‘I’ve got a meeting in half an hour, but yes, I guess I can take a break now. Do you want to go out and get some coffee?’
He’s already reaching for his jacket, and I think about Michael Osbourne and the way his eyes flickered over me. I think I’d prefer to talk to Rupert outside, away from any connection to Caro, so I nod and follow him back into the lift and out into the street. We enter a tiny coffee shop set back from the main street and Rupert gets us both a drink.
‘What’s all this about, Em?’ Rupert looks at me warily, and tips sugar into his coffee.
‘All these things that have been happening at home… the notes, the phone calls, what happened to Lola… I know who’s behind it.’
Rupert lets out a long stream of air, his cheeks flushing a dark pink. ‘For God’s sake, Emily, we’ve talked about this! I don’t want to hear any more about it! No one – I repeat – no one is out to get you. No one is trying to scare you away. No one has been in the house, no one is watching you. Caro is dead. Please, Emily, just leave it because I don’t know how much more I can take.’
I blink and wait for a moment, a little shocked by the way his anger rises to the surface so easily, before I pull out my mobile and slide it across the table towards him.
‘Like I said, Rupert, I know who’s behind it all. Just watch the video.’
He picks up the phone and presses play, and my voice filters out from the speaker. ‘It was you, wasn’t it?’ I watch the emotions play out across his face as he watches the video from start to finish, the blood draining from his face as he hears me accuse Sadie of pushing Caro over the edge.

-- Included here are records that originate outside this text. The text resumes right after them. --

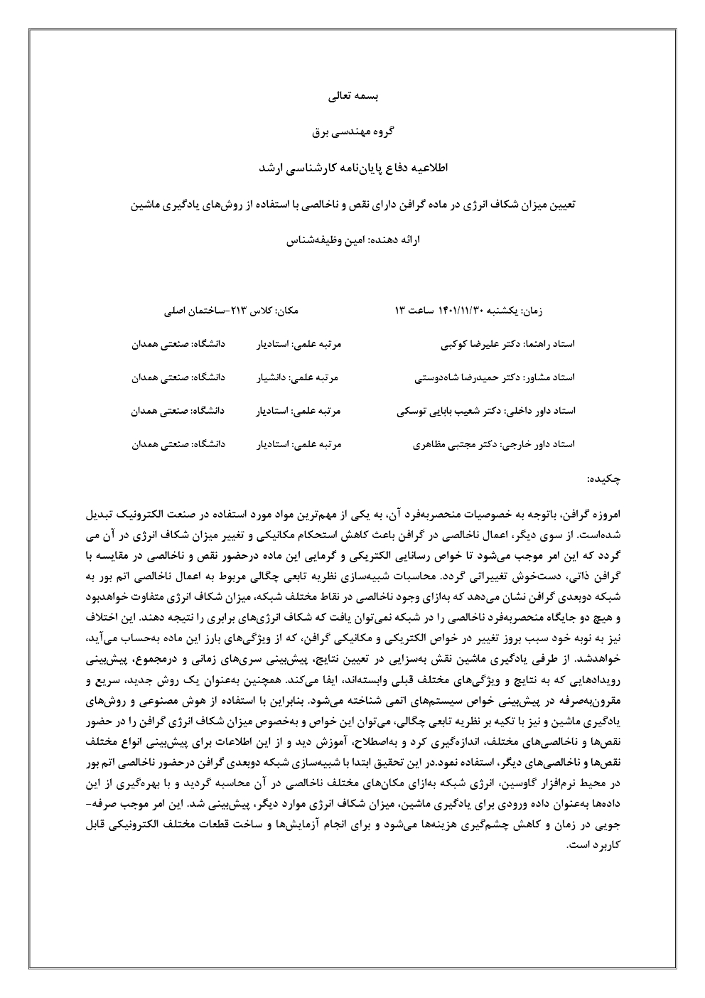 اطلاعیه دفاع دانشجوی کارشناسی ارشد - امین وظیفهشناس
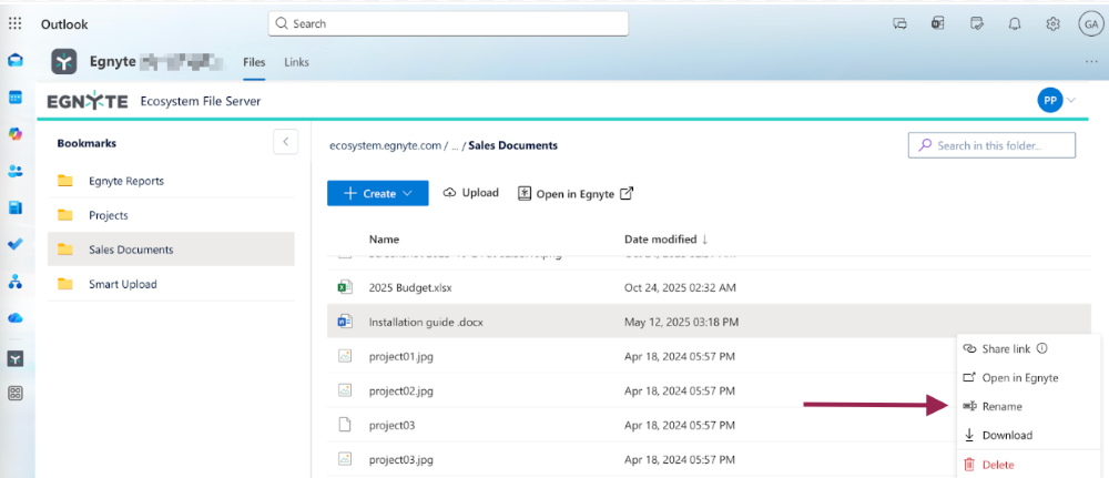 - Rename gives the ability to rename a file or a folder directly in the Egnyte Tab or Personal Tab. All the changes will be automatically synced with Egnyte.
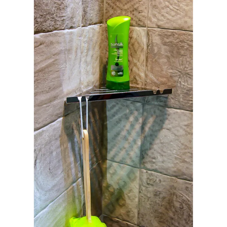 Kulmahylly kylpyhuoneeseen ruostumattomasta teräksestä. Mukana liima asennusta varten sekä puhdistussarja.
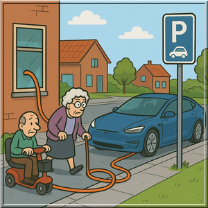 Ik zie het al helemaal voor me: kabel uit het raam, over het trottoir, naar de heilige graal: een parkeerplek voor de deur. Wie elektrisch rijdt, mag straks kennelijk ook territorium afbakenen, ofwel… welkom in de Kabelrepubliek. Waar de stoep niet langer van iedereen is, maar van wie zich een Tesla, Kia of stekker-Skoda kan veroorloven. De rest mag omlopen. Of struikelen. Rolstoelgebruikers, slechtzienden, ouders met kinderwagens… zij worden straks figuranten in het nieuwe Dordtse gezelschapsspel, getiteld ‘Ontwijk de Kabel.’

‘Oh my God.’ Rupert slides the phone back to me, his hands visibly shaking. ‘Emily, I’m so sorry. I should have believed you.’
I shrug, as if it’s not that important, but part of me wants to get up and shout, ‘Good! You should be sorry; you should have taken my word for it.’ But if there’s one thing my mother did teach me, is that it’s sometimes best to hold your tongue.
‘Caro said the same things, sometimes, you know.’ Rupert speaks again, stirring at the remains of the coffee in his cup. ‘That things had been moved, that she thought someone was following her, but there was never anything concrete, nothing solid. It was exhausting, that constant act of reassuring her. I thought it was just the same thing happening again with you. I thought you were just…’ He puts his head in his hands. ‘You accused her of pushing Caro too far?’ When he raises his eyes to mine, they are bloodshot and watery.
‘It just slipped out. She denied it, but she admitted that she’d done all those things to me. That she wanted you for herself. Well, you know what she said, you watched the video. I haven’t been lying, or making things up, and I’m definitely not going mad.’
‘I’m just a bit stunned by it all,’ Rupert says, as he takes up the phone and watches the video again. ‘Part of me can’t believe that Sadie would behave as aggressively as that – I’ve known her for over twenty years! We went to uni together, I was best man when she and Miles got married and I never realized… I mean, she said stuff when she was drunk, like the night of the Easter party but she never meant it.’
I direct him on my phone to the video message that Sadie sent to me last night, watching the shock on his face as he sees himself and Sadie on the night of the party. ‘What did you say to her, that night?’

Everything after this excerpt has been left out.